Long story short, it looks like Flourish + Betta Spa are probably too heavy a nutrient load, at least for my new system with one Anubias nana.


----------



## Stone (Jan 6, 2013)

Your Ph is fine I know they give specific numbers for a species of fish,but all fish can tolerate a full point higher or lower and more depending on the fish, the number they give for Ph is usually for spawning, and to lower the Ph you will need to add acid basically that will have to eat up the buffer first (kh) you could rebuffer it once you get it down but yeah messing with the Ph is not something you should do without a really good understanding of chemistry, if you want to lower Ph is best to just change your water source or to go with a RO system (reverse osmosis) or you can mix distilled water to lower it as well distilled is usually slightly acidic but it will have to eat through the buffer again but will slightly lower the Ph the next choice is to add peat moss to your filter for a natural solution as well as a piece of driftwood in the tank can help, but again your Ph is just fine I would not mess with it at all there is no need to, the old saying comes to mind "don't fix what is not broken"


----------



## TurtleBarb (May 9, 2013)

Thanks, Stone. I agree. I'm not going to mess with it. I've actually had quite a few chemistry courses, but I'm having trouble remembering any of it a decade later. Use it or lose it. I'm going to keep life simple by leaving pH alone. The Betta Spa does a little, and I plan to switch to IAL when they arrive in a few weeks.


----------



## Stone (Jan 6, 2013)

IAL will drop the ph a bit too but slowly over time, thats the other thing you would have to adjust the ph before you put it in the tank with the fish, it is a real headache


----------



## TurtleBarb (May 9, 2013)

Thanks, Stone.
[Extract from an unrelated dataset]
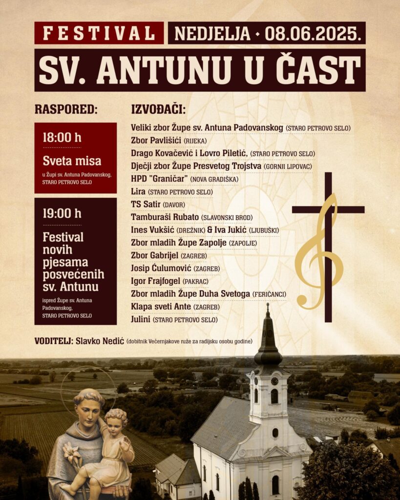 U nedjelju 8. lipnja, u Starom Petrovom Selu u Požeškoj biskupiji, održat će se po drugi puta festival „Svetom Antunu u čast“.

The things you said were enough to begin to jog my memory about buffering capacity. 
Since the Betta Spa raises the KH of the spring water from 2 to 5, that means it increases its buffering capacity. I like that. Plus it's supposed to confer some health benefits. And I can use a measured dose of it for consistency. So I'll stick with the Betta Spa, and stay away from IAL for now.


----------